Connecticut just became the latest state to advance The CROWN Act, prohibiting natural hair discrimination in schools and workplaces. The Senate reached a unanimous decision on Monday, and the bill will now go to Governor Ned Lamont's desk, where it is expected to be signed into law.
Gov. Lamont reacted to the news on Twitter, writing, "This measure is critical to helping build a more equitable society, and I look forward to signing it into law in the coming days." Representative Tammy Exum was one of many who championed the bill, stressing in an interview with NBC Connecticut that Black women face more scrutiny based on their hair. "Unfortunately, when you have hair that isn't straight and when you have skin that's Black or brown, it isn't simply hair. It's judgment," she said. "I look at the hair of those around me and just accept it as is. It doesn't speak to their ability, their competency, their performance, or their knowledge."

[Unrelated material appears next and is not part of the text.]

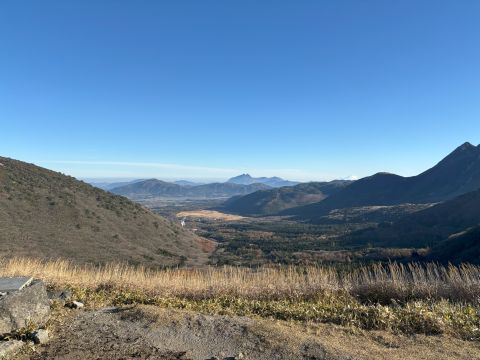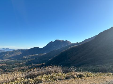 見えているのは三俣山(左)と星生山(右端)。間にある硫黄山から、火山活動が穏やかなのか、この日は噴煙が出ていない。
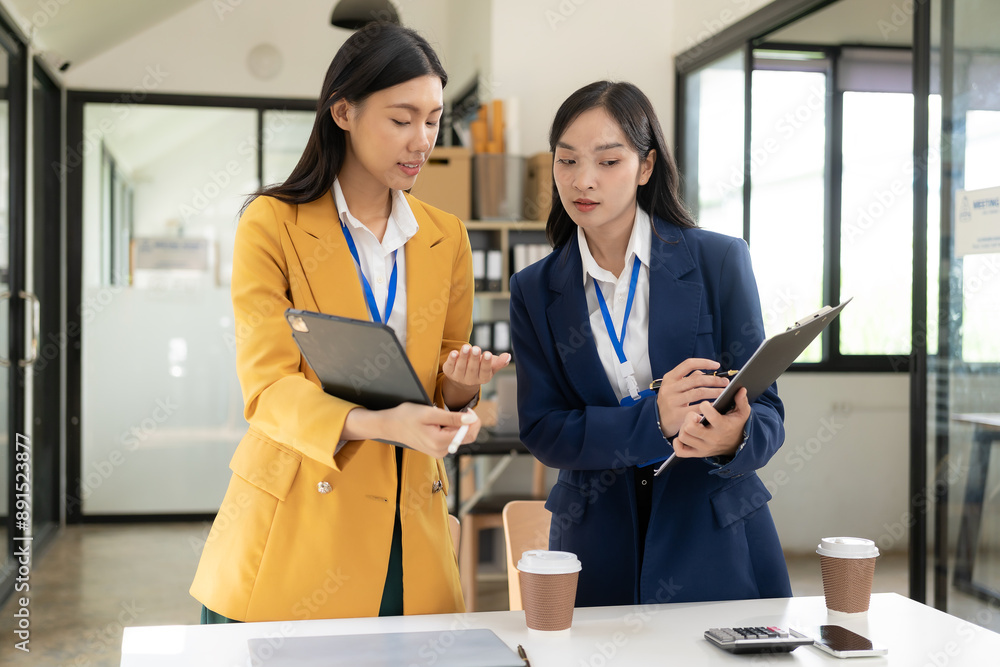 Two Asian businesswomen discuss pitching a new startup project idea. Analysis, planning and financial statistics, company business collaboration concept.

Connecticut will join Virginia, California, New York, New Jersey, Maryland, Colorado, and Washington as states officially prohibiting natural hair discrimination in schools and workplaces. The CROWN Act, which stands for Create a Respectful and Open World for Natural Hair, seeks to foster safe environments for Black people who wear their hair naturally and in other protective styles like braids, Bantu knots, and locs. The bill is currently pending approval by the United States Senate after being passed by the House Of Representatives in September.
Connecticut implementing the bill marks another pivotal stop on the road to ending natural hair discrimination and dismantling racial inequity in the United States — but it doesn't end there. The CROWN Act still hasn't been filed for consideration in a number of states, including Nevada, Nebraska, Idaho, and more. To help pass The CROWN Act in your state, you can sign the online petition or get in touch with your local representative to demand change.